2. Interface as in claim 1, further comprising a switch-hook detector for detecting an off-hook mode of the telephone set, and a dial-tone generator controlled by the switch-hook detector.
3. Interface as in claim 1, wherein the dialed-number detection unit comprises a tone-detection unit coupled with a digit-recognition unit coupled with a number register.
4. Interface as in claim 1, wherein the dialed-number detection unit comprises a pulse-counting/-detection unit coupled with a digit-recognition unit coupled with a number register.
5. Interface as in claim 1, further comprising an override unit coupled with the priority-assignment unit.
6. Interface as in claim 1, further comprising a relay controlled by a relay-control unit for coupling an analog telephone set with the digital network interface, wherein the relay-control unit is controlled by the priority-assignment unit.
7. Interface as in claim 1, further comprising a “Line Busy” message generator for generating an audio busy signal transmitted through the telephone set.
8. Interface as in claim 7, wherein the “Line Busy” message generator is controlled by the bandwidth allocation unit.
9. Interface as in claim 1, wherein the priority-assignment unit comprises a table in which phone numbers are stored and assigned to a respective priority level and a comparator unit for comparing the dialed number with the entries of the table.
10. Interface as in claim 9, wherein the table is programmable.
11. Interface as in claim 1, wherein the priority-assignment unit assigns a priority to a phone number based on a predefined part of the phone number.
12. Method for initiating a telephone call over a digital network wherein a bandwidth for each transmission over the digital network has to be allocated, comprising the steps of:
determining a dialed number;
assigning a priority to the dialed number; and
allocating a bandwidth based on the determined priority.
13. Method as in claim 12, wherein the step of allocating a bandwidth comprises the step of terminating a current transmission with a lower priority if not enough bandwidth is available.
14. Method as in claim 12, wherein the step of allocating a bandwidth comprises the step of limiting the bandwidth of a current transmission with a lower priority if not enough bandwidth is available to provide enough bandwidth for the requested telephone call.

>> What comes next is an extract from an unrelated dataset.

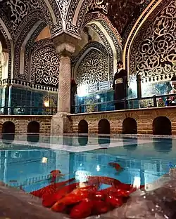 حمام حاج آقای تراب یا حمام دوقلو که در محله علیآباد یا کوچه سیدهاو روبروی مسجد حاج آقا تراب شهر نهاوند قرار دارد نمادی از هنر ایرانی اسلامی است که در سال ۱۲۳۰ و در زمان ناصرالدین شاه قاجار بنا نهاده شدنهاوند از شهرستانهای مهم تاریخی استان همدان به شمار میآید و نظریههای مختلفی از پیشینه تاریخی این منطقه باستانی باقی مانده است شهرستان نهاوند از شمال به شهرستان تویسرکان و از شمال غربی به شهرستان کنگاور در استان کرمانشاه از شرق به بخش ثامن در شهرستان ملایر و از جنوب به شهرستان سلسه و دلفان در استان لرستان و از غرب به شهرستان کرمانشاه محدود میشود. نهاوند به علت دارا بودن موقعیت جغرافیایی ویژه و آب فراوان و خاک مستعد از نواحی ممتاز استان همدان به شمار میرود و از مکانهای دیدنی و تاریخی متعددی برخوردار است در این میان حمام حاج آقا تراب یا حمام دوقلو که در محله علیآباد و بافت قدیمی شهر نهاوند قرار دارد نمادی از هنر ایرانی اسلامی است که در سال ۱۲۳۰ و در زمان ناصرالدین شاه قاجار بنا نهاده شده و گردشگران از این بنا بازدید میکنند. در سر در ورودی این بنا، کتیبهای نصب شده که نام بانی حمام و تاریخ ساخت آن را، سال ۱۲۳۰ هجری شمسی در زمان ناصرالدین شاه قاجار بیان میکند ولی به سبک دوران صفویه ساخته شده است.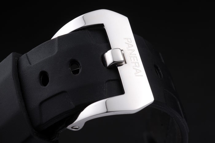 Armbånd: Sort Gummibånd med varmeprægede workshops Panerai Strap og børstet rustfrit stål Fold-in kroge lås

15. Method as in claim 12, further comprising the step of detecting an off-hook mode of the telephone set, and generating a dial-tone for the user if an off-hook mode has been detected.

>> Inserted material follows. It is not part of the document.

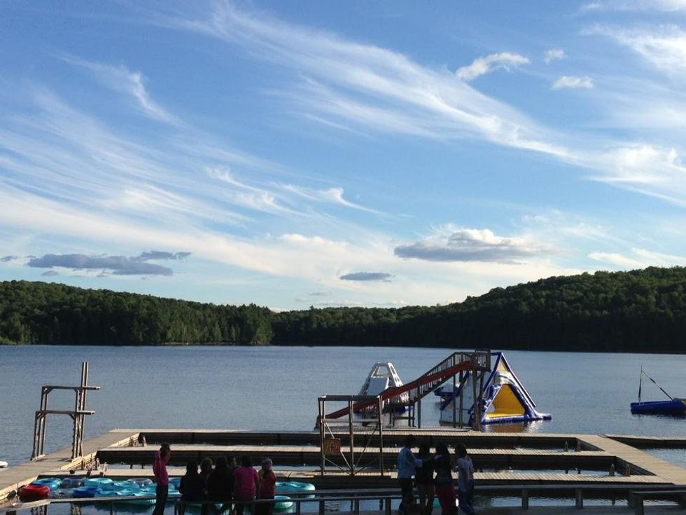 We walk through Boys Camp. We passed the hill up to skateboarding; my least favorite period at camp. Just the thought of the buckets filled with stinky elbow pads and kneepads makes me gag. Before I know it I am standing at Main Docks. I see those sailboats drifting as far as the rope will let them in the lake and the inner tubes sitting in the first area of how the docks are separated. I see the tower rocking back and forth with the dock in the distance. And I see the trees. They were painting the sky. I never believed they were real until I took a canoe all the way to the side of the lake and saw for myself that they were rooted into the ground. All the hangouts on main docks, all the 2-day color war openings, when I was captain and crowned winner of Olympiad; it all happened here. When I had to mud wrestle Alexa and lost was right here on the sand.

16. Method as in claim 12, further comprising step of providing an override mode for overriding an assigned priority of a requested telephone call.

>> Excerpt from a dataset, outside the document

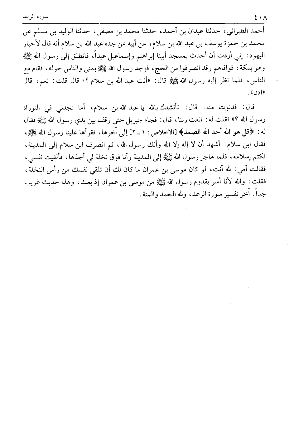 قال: فَدَنَوْتُ مِنْهُ. قَالَ: «أَنْشُدُكَ بِاللَّهِ يَا عَبْدَ اللَّهِ بْنَ سَلَامٍ، أَمَا تَجِدُنِي فِي التَّوْرَاةِ رَسُولَ اللَّهِ؟» فَقُلْتُ لَهُ: انْعَتْ رَبَّنَا، قَالَ: فَجَاءَ جِبْرِيلُ حَتَّى وَقَفَ بَيْنَ يَدَيْ رَسُولِ اللَّهِ صَلَّى اللَّهُ عَلَيْهِ وَسَلَّمَ فَقَالَ لَهُ: قُلْ هُوَ اللَّهُ أَحَدٌ اللَّهُ الصَّمَدُ [الإخلاص: 1- 2] إلى آخرها، فَقَرَأَهَا عَلَيْنَا رَسُولُ اللَّهِ صَلَّى اللَّهُ عَلَيْهِ وَسَلَّمَ، فَقَالَ ابْنُ سَلَامٍ: أَشْهَدُ أَنْ لَا إِلَهَ إِلَّا اللَّهُ وَأَنَّكَ رَسُولُ اللَّهِ، ثُمَّ انْصَرَفَ ابْنُ سَلَامٍ إِلَى الْمَدِينَةِ، فَكَتَمَ إِسْلَامَهُ، فَلَمَّا هَاجَرَ رَسُولُ اللَّهِ صَلَّى اللَّهُ عَلَيْهِ وَسَلَّمَ إِلَى الْمَدِينَةِ وَأَنَا فَوْقَ نَخْلَةٍ لِي أجذها، فَأَلْقَيْتُ نَفْسِي، فَقَالَتْ أُمِّي: لِلَّهِ أَنْتَ، لَوْ كَانَ مُوسَى بْنُ عِمْرَانَ مَا كَانَ لَكَ أَنْ تُلْقِيَ نَفْسَكَ مِنْ رَأْسِ النَّخْلَةِ، فَقُلْتُ: والله لأنا أَسَرُّ بِقُدُومِ رَسُولِ اللَّهِ صَلَّى اللَّهُ عَلَيْهِ وَسَلَّمَ مِنْ مُوسَى بْنِ عِمْرَانَ إِذْ بُعِثَ، وهذا حديث غريب جدا. آخر تفسير سورة الرعد، ولله الحمد والمنة.

17. Method as in claim 12, further comprising the step of generating a “Line Busy” message if not enough bandwidth can be allocated.
18. Method as in claim 12, wherein the priority is determined by comparing the determined telephone number with entries in a table in which phone numbers are stored and assigned to a respective priority level.
19. Method as in claim 18, further comprising the step of providing a mode during which the entries in the table can be programmed.
20. Method as in claim 12, wherein the priority is determined by comparing a part of the determined telephone number with a predefined number to determine a respective predefined priority level.
21. Method as in claim 12, wherein the priority is determined by comparing a part of the determined telephone number with a predefined range of numbers to determine a respective predefined priority level.